横浜市神奈川区の整形外科【吉野整形外科】院長の吉野匠です。
私は整形外科医であり、特に「足の外科」を専門としています。
足の専門医は、全国でも約1,000人と言われており、とても特化した領域です。
今回は『10年続いた踵(かかと)の痛みが「3ヵ月」で完治した患者さん』の事例をお伝えしたいと思います。
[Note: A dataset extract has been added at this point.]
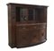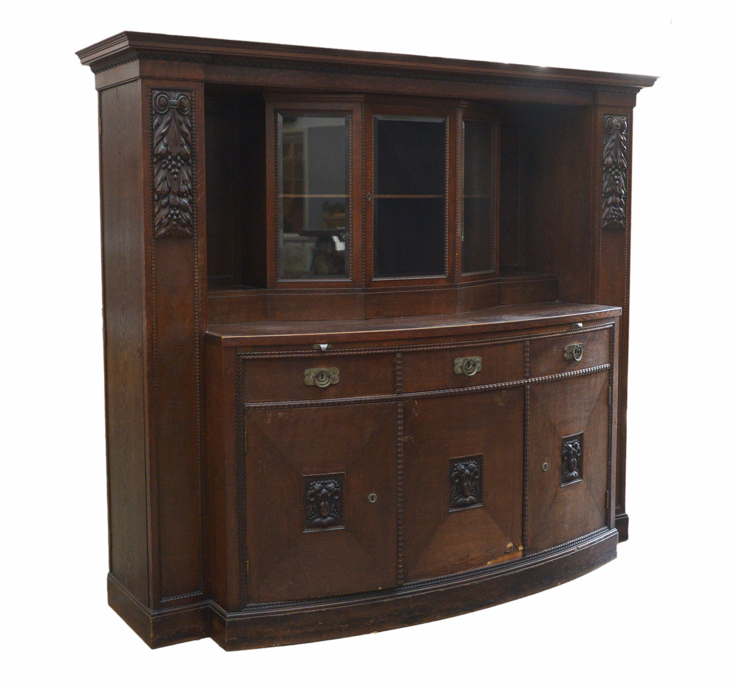 Credenza in rovere con fronte curvilineo, tre ante e tre cassetti nella parte inferiore, decorata con riserve scolpite a frutti e motivi vegetali. Due ante laterali con mensoline all'interno, parte superiore con tre ante e vetri. Due tiretti estraibili sottopiano e maniglie in fusione metallica. Milano, 1920ca. (cm 208x184x70) (lievi difetti)

どの整形外科でも「足底腱膜炎」の診断。しかし良くならない……
あるとき、北関東のある県から来院された患者さんがおられました。
私は「お住まいの地域から当院まで随分距離がありますが、なぜ来院されたのでしょうか?」と伺いました。
すると、
「踵(かかと)の痛みが10年前からあり、地元の整形外科を6か所まわったのですが一向に良くならずに困って来ました。」
ということでした。
更に話を伺うと、どの整形外科でも「足底腱膜炎」と診断、治療の流れも大体同じだったようです。
<治療の流れ>
① まずは湿布を貼って様子をみましょう
→それでも痛みは改善せず
② それでは痛み止めを出しますので、しばらく内服すれば良くなる筈です。様子をみましょう
→それでも効きません
③ しつこい痛みですね、それではステロイド注射を打ちましょうか?
→注射は大の苦手でしたが仕方がなくお願いしたところ少し効いてきたのでこれで治る、と期待したのですがその喜びもつかの間、数日で再び痛みがぶり返してしまいます
④ 注射でも治らなければをギプスで固定して、しばらく松葉づえで生活するしかないですね
→それは仕事の都合上、難しいです……
以上の流れで、次々に転院を繰り返し、踵の痛みに10年苦しめられてきたということでした。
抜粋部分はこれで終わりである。